- Born: 23 February 1912 Bath, England
- Died: 24 March 2006 (aged 94)

Academic background
- Alma mater: Fitzwilliam College, Cambridge University of London

Academic work
- Discipline: Geography and history
- Institutions: University of Cambridge Indiana University

= Norman Pounds =

English geographer and historian

Norman John Greville Pounds (23 February 1912 - 24 March 2006) was an English geographer and historian. He wrote over 30 books, primarily on the history and geography of Europe from several different time periods.

==Early life and career==

Pounds grew up in Bath, England, where he was born on 23 February 1912. He went to three schools in the area. The first two were Church of England schools which began his opposition to organised religion. He attended King Edward's School on a scholarship between 1923 and 1931. He then studied at Fitzwilliam House at University of Cambridge where he received a diploma in education.

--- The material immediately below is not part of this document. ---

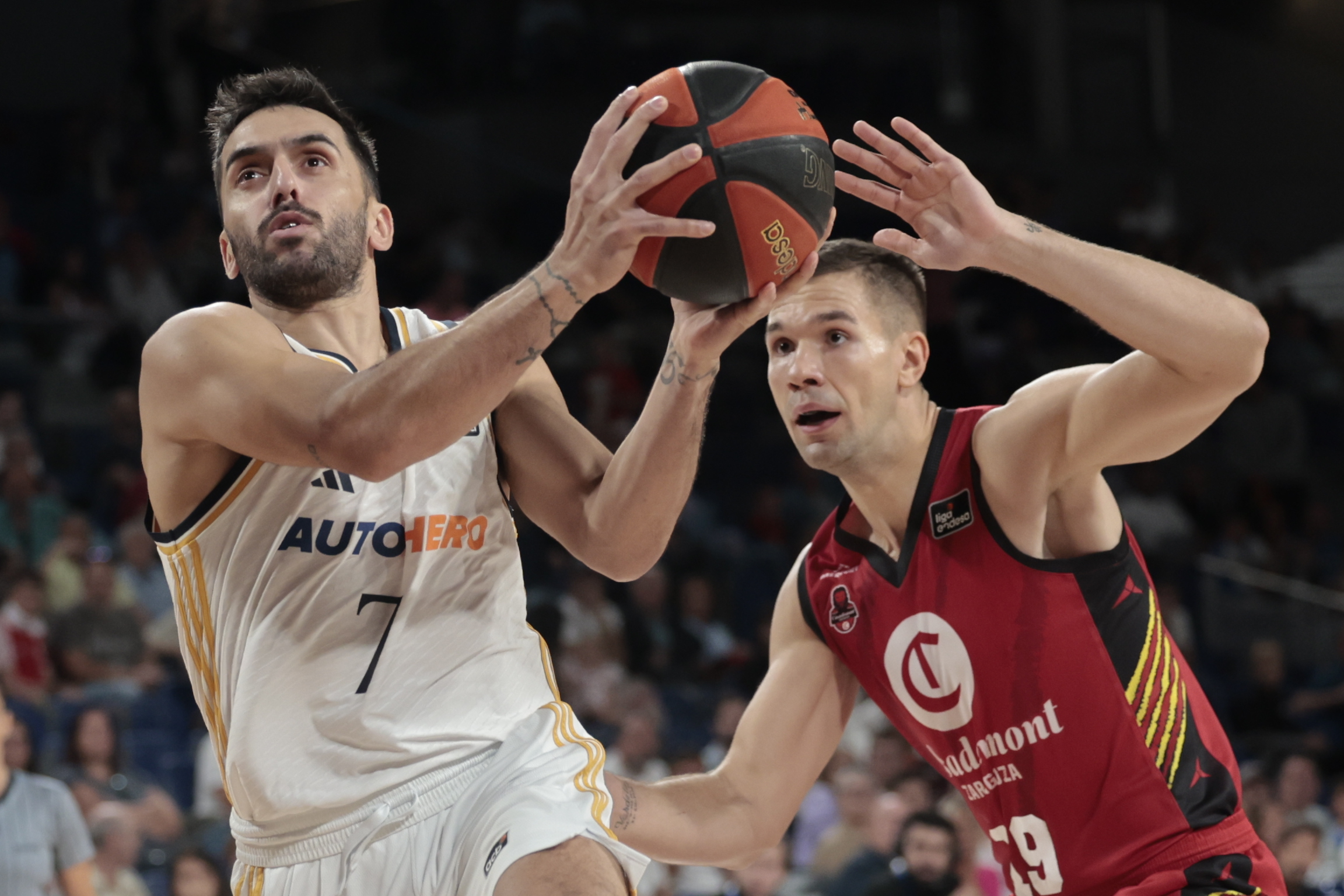 Con la incursión de Llull, el Real Madrid abrió más la brecha. Gracias a la presencia del español en el exterior -dos de tres en triples en el segundo cuarto-, el equipo de Chus Mateo sacó todavía más rédito de la sangría defensiva en la zona de Zaragoza. 57-31 al descanso con un parcial de 24-13.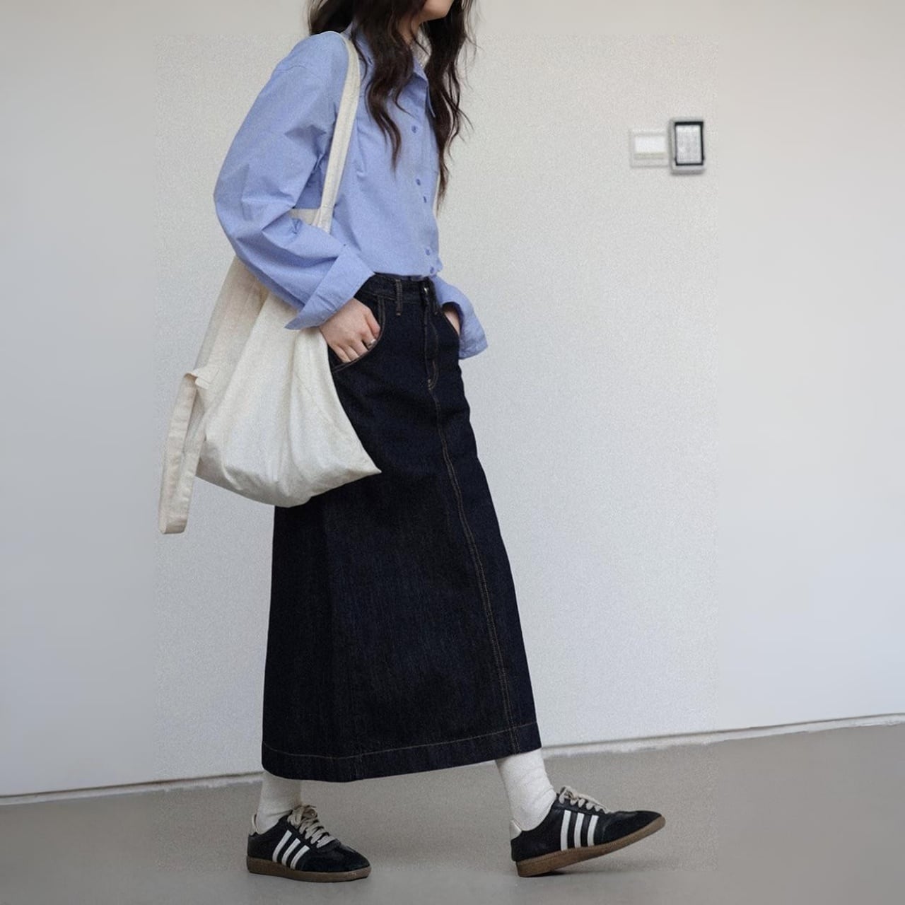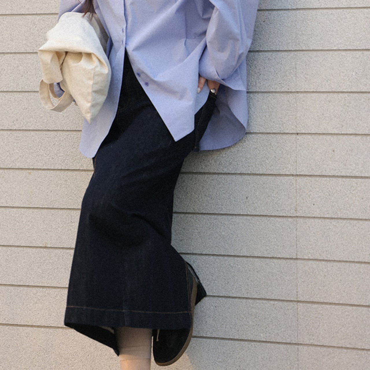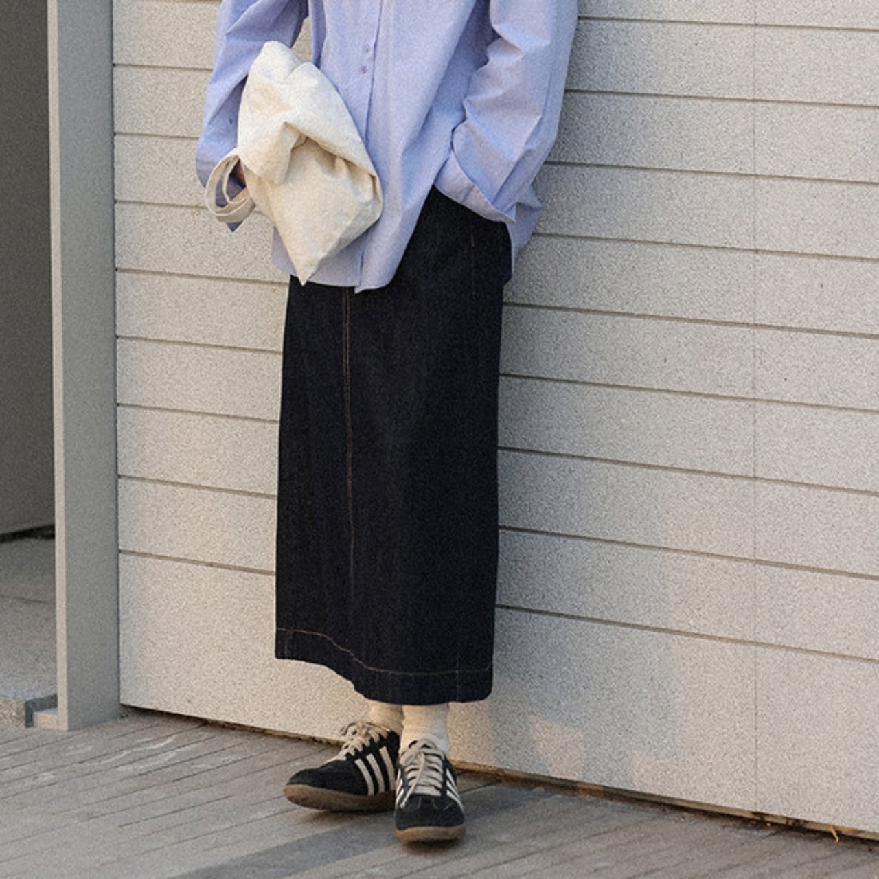 どの角度から見ても美しいシルエットが際立つデニムスカート。

He became a geography and history teacher at Falmouth Grammar School in Cornwall between 1935 and 1944. When the Second World War broke out in 1939, he was declared medically unfit for active service and instead worked as a firewatcher. He also spent this time writing his PhD on the historical geography of Cornwall and received a first-class geography and history BA degree from the University of London. Pounds began teaching geography at The University of Cambridge in 1945 before moving onto Indiana University in the 1950s where he was a geography professor until 1968. He continued to teach at various institutions for several decades, finally stopping in 2004 at the age of 92.

==Personal life==

Pounds' father, John Greville Pounds (1883-1935), was a compositor and his mother, Camilla Martha Minnie née Fisher (1884-1963) was a teacher. He married Dorothy Josephine Mitchell (1910-1989) in 1938. He died on 24 March 2006 of Leukaemia which he was diagnosed with at age 87.